District Court Judge Tanya Chutkan, who is presiding over the case, agreed to stay the order temporarily. Chutkan ordered the prosecution to file any opposition by Wednesday, October 25th and a subsequent reply by the Trump team by Saturday, October 28th.
“At bottom, the Gag Order violates virtually every fundamental principle of our First Amendment jurisprudence,” Lauro wrote. “It imposes an overbroad, content-based prior restraint on the leading Presidential candidate’s core political speech—notwithstanding the Supreme Court’s instruction that First Amendment rights have their fullest and most urgent application precisely in the conduct of campaigns for political office. Likewise, by restricting President Trump’s speech, the Gag Order eviscerates the rights of his audiences, including hundreds of millions of American citizens who the Court now forbids from listening to President Trump’s thoughts on important issues.”
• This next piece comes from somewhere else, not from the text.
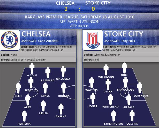 Sist Stoke besökte Stamford Bridge, vann Chelsea matchen med 2-0, och den matchen spelades förra säsongen då Chelsea tränades av Carlo Ancelotti.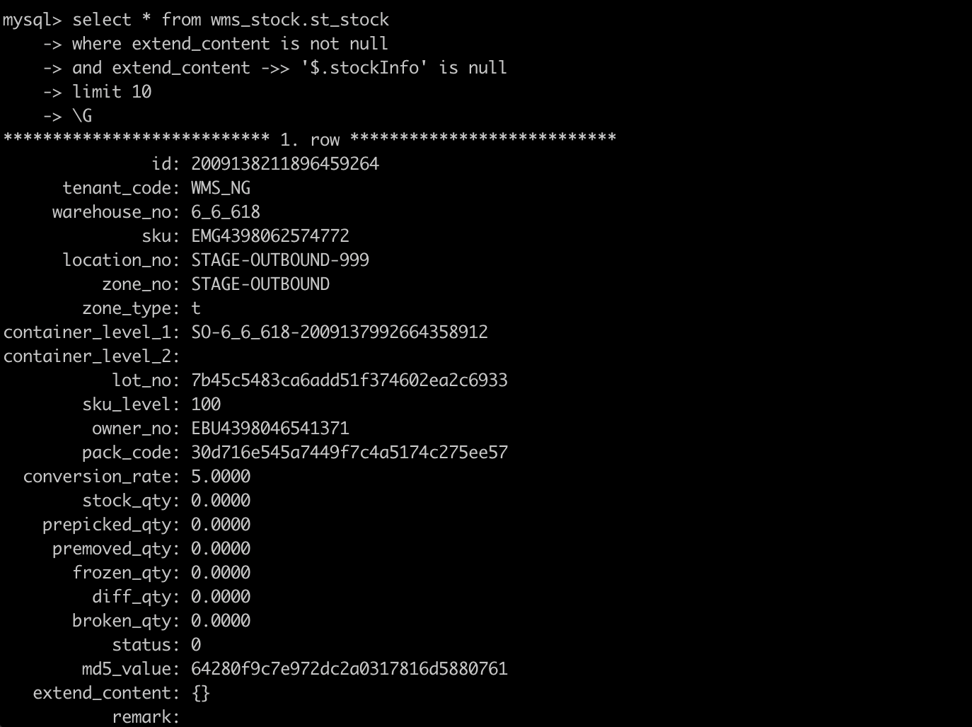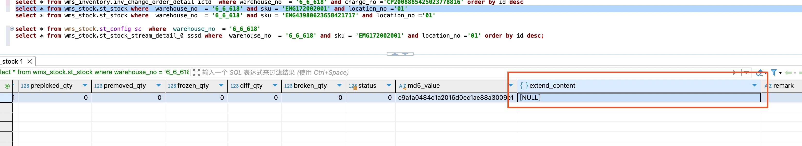 在二手库或逆向条件,有比较多的扩展属性,其他条线缺没有这些属性值,这些属性以JSON扩展的方式存储。

Chutkan had previously imposed a gag order on “any interested parties” from attacking Special Counsel Jack Smith, his staff, any staff of the court, or any possible witness in the case.
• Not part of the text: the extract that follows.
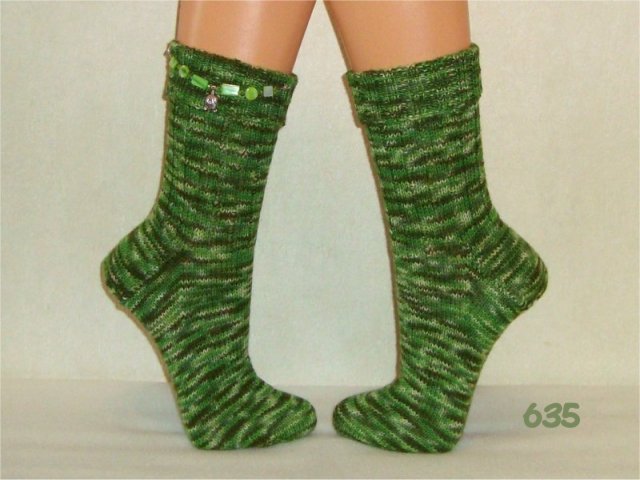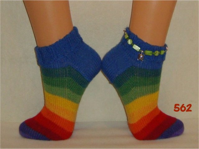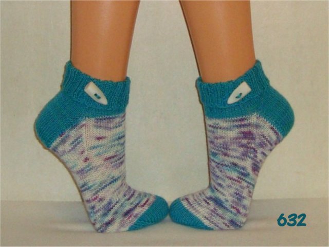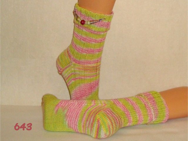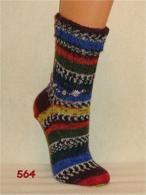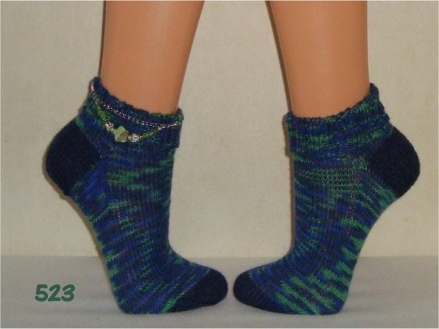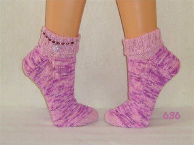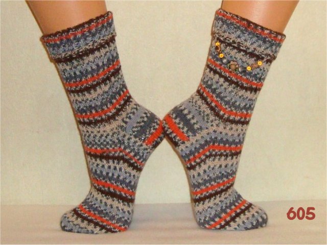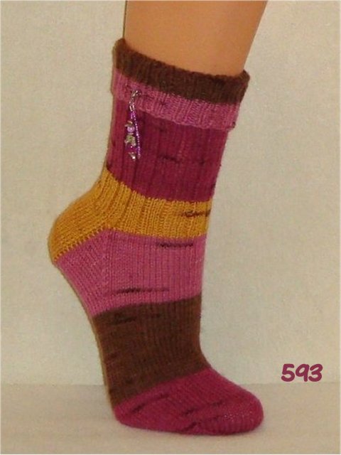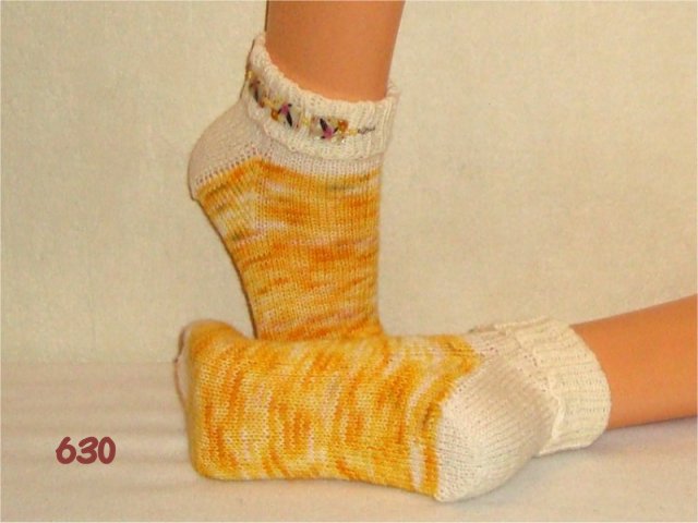 Hier sehen Sie einen kleinen Auszug meiner bisher gestrickten Damensocken. Wenn Sie etwas Ähnliches gestrickt haben möchten, beziehen Sie sich bitte auf die Nummer im Bild. So wie bei Fotos auf Nahrungsmitteln immer "Serviervorschlag" steht, sind diese Bilder für evtl. Strickaufträge auch nur Designvorschläge. Abgebildete Zusätze wie Sockenschmuck oder Dekoartikel gehören nicht dazu.

“The prosecution did not present any evidence that President Trump harassed or intimidated anyone,” Lauro wrote. “Rather, the prosecution relied exclusively on the allegation that third parties, with no relationship to President Trump, engaged improperly with political actors—most of whom had already been criticized by millions of people across the country before President Trump commented on them.”
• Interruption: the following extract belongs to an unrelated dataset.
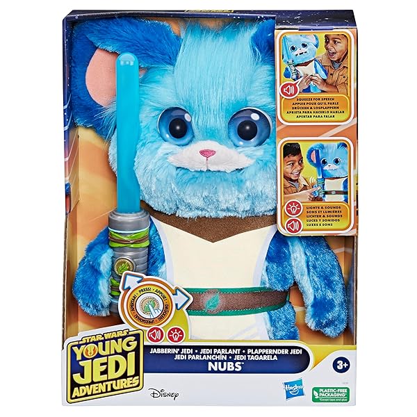 - Modo de entrenamiento Lightsaber: el sable de luz azul puede girar fácilmente hacia arriba y hacia abajo para que los niños puedan imaginar que Nubs está practicando su entrenamiento de sable de luz con el resto de los jóvenes Jedi

“The prosecution also did not submit any evidence that: (1) any member of its team has been threatened or harassed; (2) that any potential witness has actually felt threatened or harassed by President Trump’s core political speech; (3) that President Trump made any public statement about any “court staff,” other than the district judge herself; or (4) that any alleged threat, harassment, or intimidation by third parties could not be addressed by means less restrictive than an expansive prior restraint on President Trump’s speech,” Lauro continued.
Lauro explained in the filing that the court relied on the theory that when Trump attacked people, such as Smith, they subsequently faced harassment and threats. He argued that logic was heavily flawed.
“But the Court cited no evidence that President Trump’s statements—as distinct from the statements of millions of others—caused such alleged threats or harassment, let alone that the statements were directed to inciting imminent lawless action,” he wrote.